::: Data provided

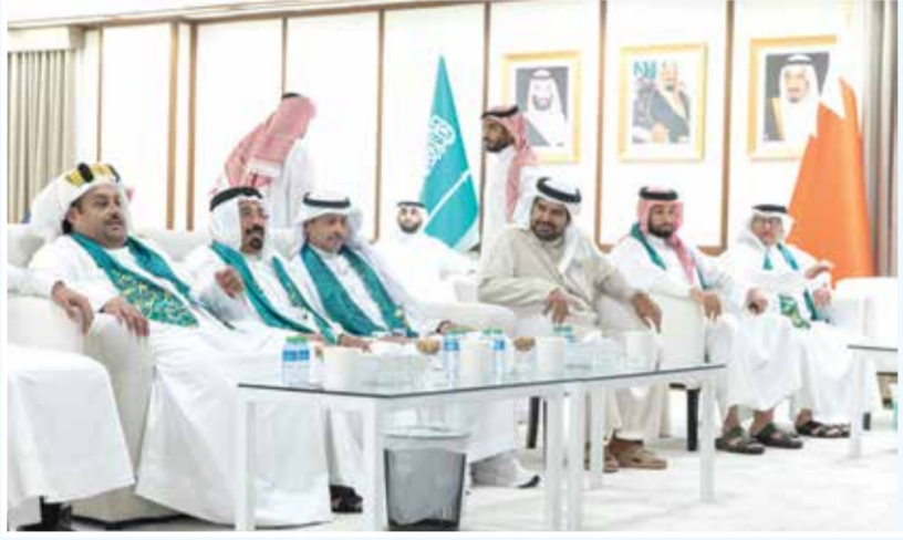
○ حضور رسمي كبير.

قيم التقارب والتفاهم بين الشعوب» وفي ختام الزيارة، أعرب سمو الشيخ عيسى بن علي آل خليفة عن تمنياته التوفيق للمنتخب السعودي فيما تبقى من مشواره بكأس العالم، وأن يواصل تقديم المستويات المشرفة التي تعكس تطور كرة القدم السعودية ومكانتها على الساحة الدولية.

::::::
::: Data provided

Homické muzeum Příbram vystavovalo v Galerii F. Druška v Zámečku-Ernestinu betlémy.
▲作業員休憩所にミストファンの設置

::::::

Your goal =>
From the entries above, print the lines beginning at the one with "حضور رسمي كبير." and stopping after the one with "قيم التقارب والتفاهم", exactly as written and with nothing else.

Your response =>
○ حضور رسمي كبير.

قيم التقارب والتفاهم بين الشعوب» وفي ختام الزيارة، أعرب سمو الشيخ عيسى بن علي آل خليفة عن تمنياته التوفيق للمنتخب السعودي فيما تبقى من مشواره بكأس العالم، وأن يواصل تقديم المستويات المشرفة التي تعكس تطور كرة القدم السعودية ومكانتها على الساحة الدولية.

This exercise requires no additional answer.